Introduction Acute subdural hematomas (ASDHs) have a high mortality rate and unfavorable outcomes especially in the elderly population even after surgery is performed. The conventional recommended surgeries by the Brain Trauma Foundation in 2006 were craniotomies or craniectomies for ASDH. As the world population ages, and endoscopic techniques improve, endoscopic surgery should be utilized to improve the outcomes in elderly patients with ASDH.

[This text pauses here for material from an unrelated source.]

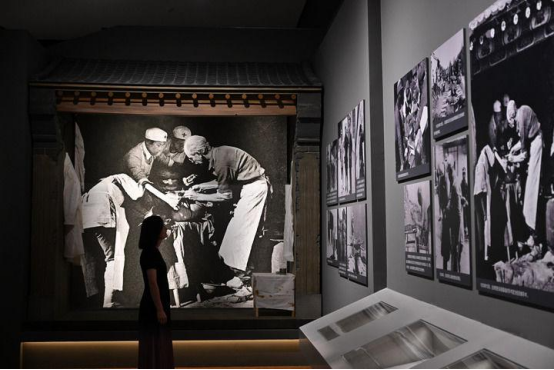 2025年9月7日,在中国国家博物馆,一名媒体人员观看白求恩的照片。新华社记者 金良快 摄

Materials and Methods This was a single-center retrospective report on our series of six patients that underwent endoscopic ASDH evacuation (EASE). Demographic data, the contralateral global cortical atrophy (GCA) score, evacuation rates, and outcomes were analyzed.

Results All patients' symptoms and Glasgow Coma Scale improved or were similar after EASE with no complications. Good outcome was seen in 4 (66.7%) patients. Patients with poor outcome had initial low Glasgow Coma Scale scores on admission. The higher the contralateral GCA score, the higher the evacuation rate (r = 0.825, p ≤ 0.043). All the patients had a GCA score of ≥7.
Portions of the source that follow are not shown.